=== Section Start ===

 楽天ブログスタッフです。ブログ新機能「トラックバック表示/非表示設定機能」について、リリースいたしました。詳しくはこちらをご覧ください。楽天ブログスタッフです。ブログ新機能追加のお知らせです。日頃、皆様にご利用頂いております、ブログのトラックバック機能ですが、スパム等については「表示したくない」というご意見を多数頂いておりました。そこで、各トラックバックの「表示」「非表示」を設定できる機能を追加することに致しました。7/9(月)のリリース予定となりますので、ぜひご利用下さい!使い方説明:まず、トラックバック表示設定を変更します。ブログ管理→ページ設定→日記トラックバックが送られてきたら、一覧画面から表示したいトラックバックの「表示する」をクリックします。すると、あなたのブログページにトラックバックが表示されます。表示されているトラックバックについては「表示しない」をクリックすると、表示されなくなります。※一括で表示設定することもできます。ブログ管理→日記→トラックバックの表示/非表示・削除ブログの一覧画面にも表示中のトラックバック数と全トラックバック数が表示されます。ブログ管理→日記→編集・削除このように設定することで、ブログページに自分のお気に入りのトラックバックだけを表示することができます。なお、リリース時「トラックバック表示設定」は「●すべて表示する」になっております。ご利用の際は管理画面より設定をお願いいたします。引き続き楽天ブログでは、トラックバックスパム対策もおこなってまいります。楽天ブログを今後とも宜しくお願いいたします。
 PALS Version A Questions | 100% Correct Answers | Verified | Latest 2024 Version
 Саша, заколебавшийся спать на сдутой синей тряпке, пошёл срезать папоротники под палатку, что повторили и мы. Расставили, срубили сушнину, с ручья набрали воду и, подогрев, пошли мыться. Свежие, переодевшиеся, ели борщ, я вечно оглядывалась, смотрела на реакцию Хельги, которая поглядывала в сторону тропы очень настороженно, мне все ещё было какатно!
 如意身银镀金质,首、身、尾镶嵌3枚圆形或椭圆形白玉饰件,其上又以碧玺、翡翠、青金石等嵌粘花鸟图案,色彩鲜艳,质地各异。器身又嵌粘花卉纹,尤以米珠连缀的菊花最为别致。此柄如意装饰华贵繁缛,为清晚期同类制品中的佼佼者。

=== Section End ===

* _Work to complete_
Give the listing above again in full, exactly as written.

* _Output of the exercise_
 楽天ブログスタッフです。ブログ新機能「トラックバック表示/非表示設定機能」について、リリースいたしました。詳しくはこちらをご覧ください。楽天ブログスタッフです。ブログ新機能追加のお知らせです。日頃、皆様にご利用頂いております、ブログのトラックバック機能ですが、スパム等については「表示したくない」というご意見を多数頂いておりました。そこで、各トラックバックの「表示」「非表示」を設定できる機能を追加することに致しました。7/9(月)のリリース予定となりますので、ぜひご利用下さい!使い方説明:まず、トラックバック表示設定を変更します。ブログ管理→ページ設定→日記トラックバックが送られてきたら、一覧画面から表示したいトラックバックの「表示する」をクリックします。すると、あなたのブログページにトラックバックが表示されます。表示されているトラックバックについては「表示しない」をクリックすると、表示されなくなります。※一括で表示設定することもできます。ブログ管理→日記→トラックバックの表示/非表示・削除ブログの一覧画面にも表示中のトラックバック数と全トラックバック数が表示されます。ブログ管理→日記→編集・削除このように設定することで、ブログページに自分のお気に入りのトラックバックだけを表示することができます。なお、リリース時「トラックバック表示設定」は「●すべて表示する」になっております。ご利用の際は管理画面より設定をお願いいたします。引き続き楽天ブログでは、トラックバックスパム対策もおこなってまいります。楽天ブログを今後とも宜しくお願いいたします。
 PALS Version A Questions | 100% Correct Answers | Verified | Latest 2024 Version
 Саша, заколебавшийся спать на сдутой синей тряпке, пошёл срезать папоротники под палатку, что повторили и мы. Расставили, срубили сушнину, с ручья набрали воду и, подогрев, пошли мыться. Свежие, переодевшиеся, ели борщ, я вечно оглядывалась, смотрела на реакцию Хельги, которая поглядывала в сторону тропы очень настороженно, мне все ещё было какатно!
 如意身银镀金质,首、身、尾镶嵌3枚圆形或椭圆形白玉饰件,其上又以碧玺、翡翠、青金石等嵌粘花鸟图案,色彩鲜艳,质地各异。器身又嵌粘花卉纹,尤以米珠连缀的菊花最为别致。此柄如意装饰华贵繁缛,为清晚期同类制品中的佼佼者。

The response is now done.